Teraflop In A Box At SC2003
HPC Prophet writes "For those of you that can't go to SC2003 or can't afford the US$750 late registration, here is a small taste of what we put together for our friends at Mellanox Technologies...It benches out at over 1.2TFLOP (192 dual Intel Xeon Processor blades, 64 in a Rackable chassis, 128 crammed into a Ciara chassis and all connected via InfiniBand) and loaded up with Callident Rx (based on NPACI Rocks) OS/Middleware. Total estimated time to unpack, build and get up and running was 17 hours." Read on for some details on this power-hog.
"We had the single-most power density for the smallest size booth they offer (380amps @ 208v in a 5U of rack space (look closely at the bottom of the middle rack containing all the cables and InfiniBand switches). Cooling was very nice too, we maxed out our Liebert HVAC when building it initially. Oh, by the way, this would end up somewhere in the neighborhood of #38 on the June 2003 Top500 list. There are a couple of other pictures on there too of some of the other attractions at SC2003 like the 128-node cluster that NPACI folks will build in a 2 hour period. Sorry about the cheezy slide show, I had to be quick."
I though itanic was supposed to be wonderful according to intel and HP. So why are they not promoting huge clusters of itanics?
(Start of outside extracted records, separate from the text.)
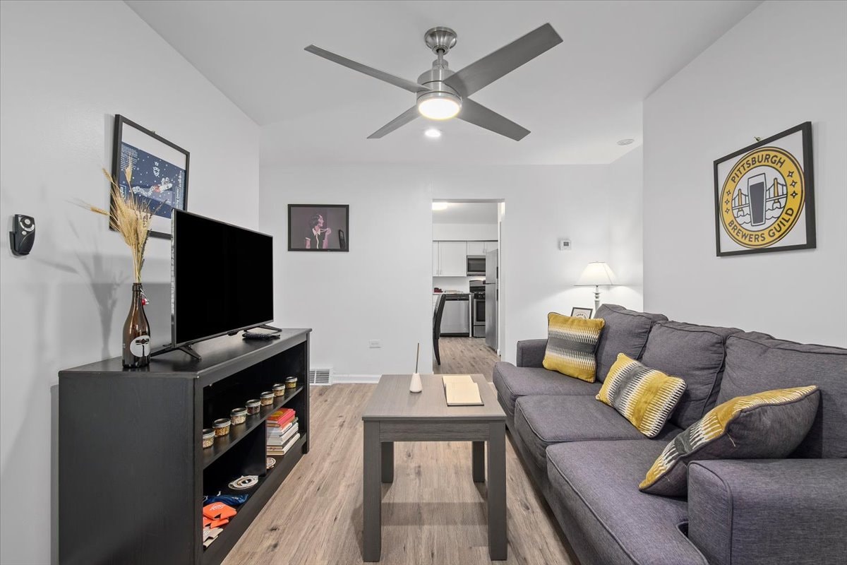 Welcome to our sleek and inviting 1-bedroom apartment in downtown Pittsburgh—perfect for Steelers fans! Enjoy being just steps from the city’s top attractions and restaurants, with Steelers Stadium only a short drive away. The unit features a thoughtfully designed living area, a fully equipped kitchen for cooking and a cozy bedroom perfect for relaxing after a day of exploring the city. Whether you're visiting for work or leisure, our unit offers a serene and central home base for your stay.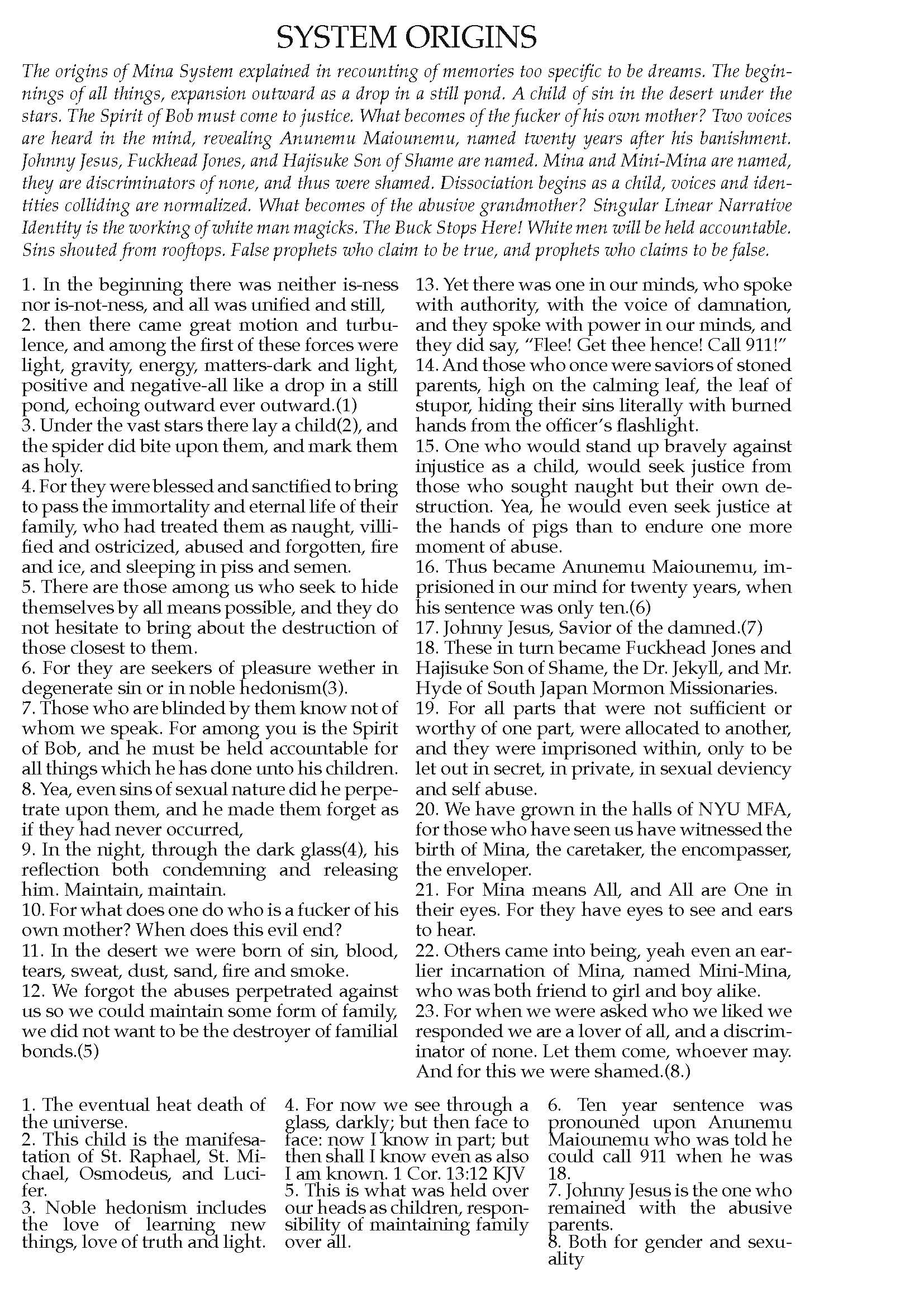 MINA SYSTEM: ORIGINS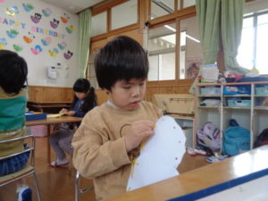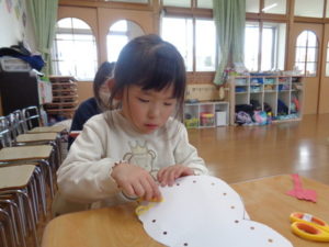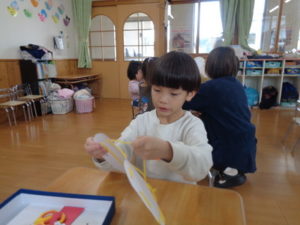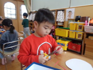 マフラーは、細くて小さく難しかったのですが、一生懸命切る姿が見られました。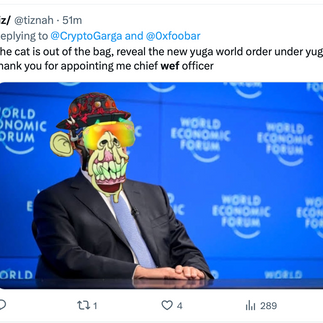 Things were anything but boring around the swamp today as screenshots from the World Economic Forum's website, showing Yuga Labs listed as one of the international non-governmental organization’s partners, filled the timeline. This led Garga to tell the community that he was unaware of this and prompted Gordon Goner’s CIA handler, Steve, to make a post on his behalf.

Why are they talking terraflops with cheap and nasty Xeons? 32-bit Xeons?! Everyone else is 64-bit nowadays.
If you look at the more recent November 2003 list instead of the older June 2003 one, this cluster would rate more like #84 than #38.
/cj
I only wish the price of these things would slide down a little more.
Cost of this 1 teraflop Mellanox machine is less than US$1e6 according to this brochure.
That's considerably less than the US$50e6 that the first teraflop machine cost (Sandia's ASCI Red see this SC1996 flier) 7 years ago.
I don't have a spare million, either, but that kind of 98% price reduction is still fairly impressive.
"Provided by the management for your protection."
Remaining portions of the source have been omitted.